Aug. 7th, 2007 10:47 pm
[personal profile] fiefoe

<Anatomy of a grand crush:>
  • I didn't know enough then to realize that doesn't always happen-that sometimes you cannot settle on an angle with the other person, your weight won't balance, your bones poke.
  • Every so often, he rubbed the back of my neck with his thumb. My whole body was hot liquid; I felt beholden to him, and painfully happy.
  • But I had thought of him so often that sometimes when I saw him, it was weird-real Cross, moving-around Cross, Cross talking to his friends. He was the person I always thought of?
  • In equal parts, I was mortified that I had started crying, and I wanted to leave her office while I still looked teary, because maybe Cross would see me and think I had been crying about something that mattered and then I would seem intriguing.
  • But I never thought of what Cross wasn't, I never had to explain or defend him to myself, I didn't even care what we talked about.
  • When people asked, which not many did, I said I was staying on campus for long weekend to work on college applications. Really, I was staying at school because school was the place of Cross.
  • But then, in its uncomfortableness, I felt a sort of nobility - a kinship with all the girls who'd done this before me for the boys they liked.
  • The first night of long weekend , while I was lying on the futon, the memory still felt bright and thick; I didn't sense yet how over the next few days I would return to it until it was frayed and diluted...
  • As I felt myself implying that circumstances had prevented our kissing, I thought maybe this was why you told stories to other people - for how their possibilities enlarged in the retelling.

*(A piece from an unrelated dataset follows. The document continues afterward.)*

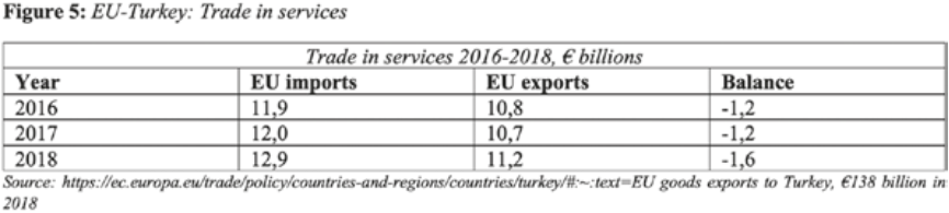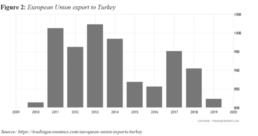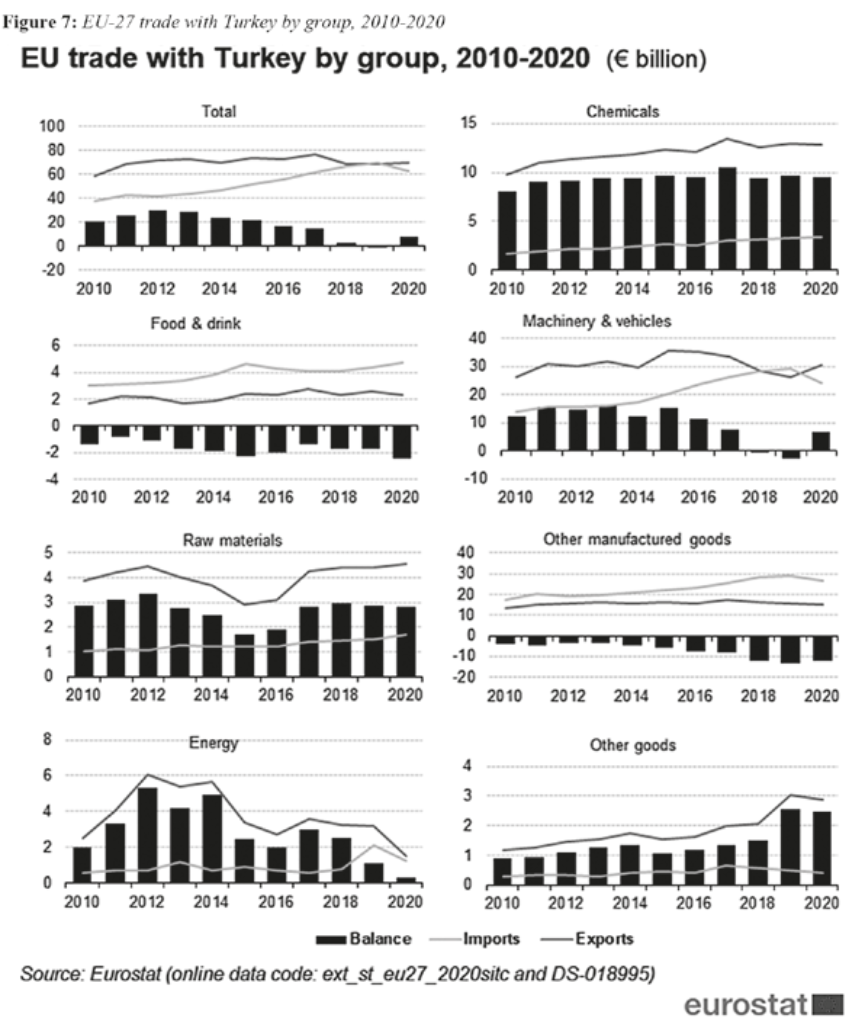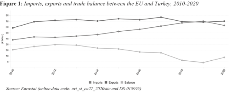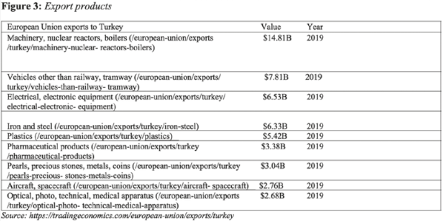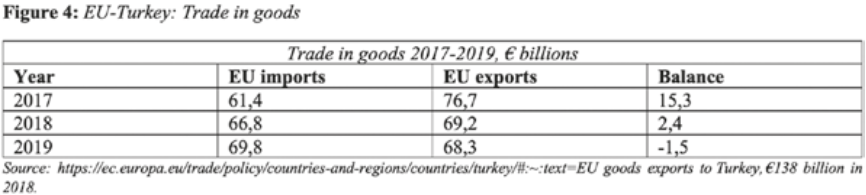 In 2019, Turkey became the fifth-biggest trade partner of the EU. In turn, the EU became Turkey’s first partner in imports and exports (European Commission, 2020). The main export markets for Turkey include the EU (42,4%), the UK, Iraq, the USA and Israel. The EU represents also the biggest share of Turkish imports (32,3%).
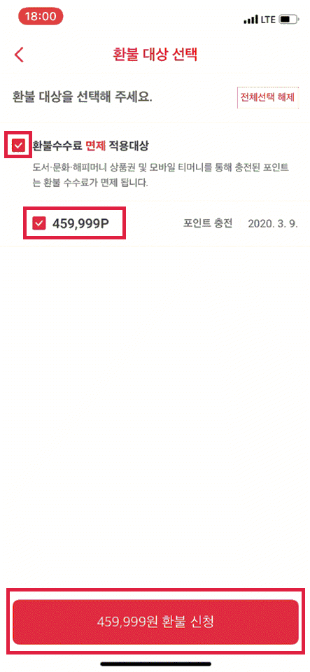 계좌로 환불 선택 > 내 계좌 확인 및 환불 신청 선택 > 환불 대상 체크 및 459,999원 환불 신청 > 환불 선택 > 확인

  • Food, like almost everything else, now seemed beside the point. Certain foods I was ravenous for, like avocado, which I craved so badly I rode Martha's bike to town, bought four, ...and ate them like apples. Vanilla ice cream also - these foods seemed somehow pure, they would slide down my throat instead of getting caught in my molars. Casserole, on the other hand, made me want to vomit.
  • It was unbearable to know that to act would be to mess things up, to know that my own impulses were untrustworthy.
  • Our relationship, for as long as things were good, and in that moment when they could have been good again, was about the irrelevance of words. You feel what you feel, you act as you act; who in the history of the world has ever been convinced by a well-reasoned argument?
  • the masculine response (maybe I just mean the more detached response) was to realize that our final interaction had been overblown and unfortunate but that we each understood well enough where the other stood. Another exchange would be reiteration, not clarification.